Disabling ("enabled": false) falls back to the pre‑v6.13 behavior of injecting the entire plan text.

Tool Output Truncation (v6.13)

Control the size of tool outputs that are sent back to the LLM.

{
  "tool_output": {
    "truncation_enabled": true,
    "max_lines": 150,
    "per_tool": {
      "diff": 200,
      "symbols": 100
    }
  }
}

truncation_enabled – Global switch (default true).
max_lines – Default line limit for any tool output.
per_tool – Overrides max_lines for specific tools. The diff and symbols tools are truncated by default because their outputs can be very large.

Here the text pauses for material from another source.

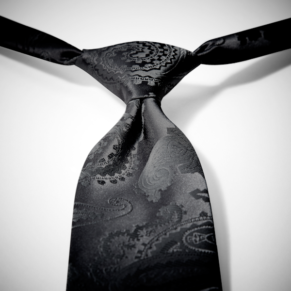 This black tie features an exotic paisley jacquard pattern on an iridescent background, and can be worn by itself or with a matching vest. Black is the most classic color choice for any formal look and will always be in style.
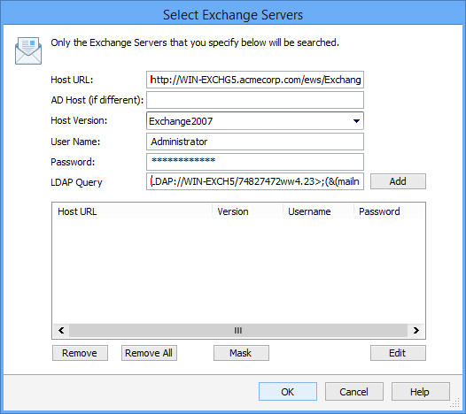 Next to, Search Microsoft Exchange Server, click the Manage button. Note: If Search Microsoft Exchange Server is not displayed then the license does not include the Exchange Search Module. The Select Exchange Servers dialog will be displayed to provide the following settings to configure the Microsoft Exchange Server connection.

When truncation is active, a footer is appended:

---
[output truncated to {maxLines} lines – use `tool_output.per_tool.<tool>` to adjust]

Summarization Settings

Control how tool outputs are summarized for LLM context.

{
  "summaries": {
    "threshold_bytes": 102400,
    "exempt_tools": ["retrieve_summary", "task", "read"]
  }
}

threshold_bytes – Output size threshold in bytes before summarization is triggered (default 102400 = 100KB).
exempt_tools – Tools whose outputs are never summarized. Defaults to ["retrieve_summary", "task", "read"] to prevent re-summarization loops.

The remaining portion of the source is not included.